For the 5G market, the 7-nanometer fabrication may not be the only deciding factor. Huawei has a significant lead in radios and antennas that are key components in 5G networks. 5G networks depend on what are called massive multiple-input and multiple-output (MIMO) antennas, where Huawei is streets ahead of others. This, more than processor size, may decide the technical advantage of Huawei’s offerings. Huawei has a significant lead in gallium nitride-based devices, instead of silicon. Nokia and Ericsson are using Intel chips for their base stations, which are no match for ARM processors. And with Huawei’s support, China’s SMIC in Shanghai may be able to switch to a 10-nanometer technology quickly, shortening the gap between its processors and that of others.
Huawei can provide a complete 5G solution—from networks to 5G mobile phones—and install it much faster than others. Huawei’s home market in China is bigger than all other 5G markets in the world, which can power its growth.
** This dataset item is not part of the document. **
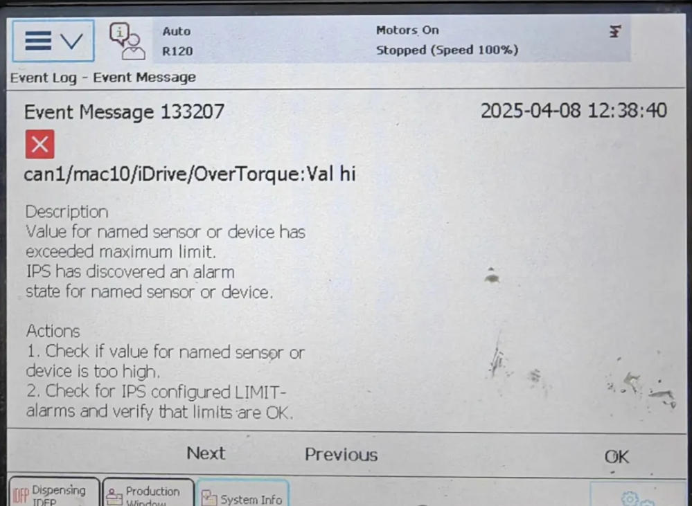 故障:涂胶设备定量缸Doser1 偶发的出现133207故障,故障出现频率越来越高

It is certainly not game over for Huawei, as many tech analysts are concluding prematurely. They have already pronounced game over twice, once over Google’s Android system denial, later on the ARM processor ban. With this new set of sanctions, while the U.S. has secured a temporary advantage for other Western players, it has also created an incentive for manufacturers outside the U.S. to move away from U.S. equipment. Such bans are always double-edged weapons.
So it is very much game on for Huawei and China in the tech war with the United States. As with any other war, it is not one battle in one arena that will decide who wins. 5G is only one battle theater; there are many others. And in many of those, China holds the cards. The rest of the world are not mere spectators but will also have to decide where their future lies—not as a binary choice between the U.S. and China, but as independent players. It is the larger forces of political economy at the global level that will decide this war.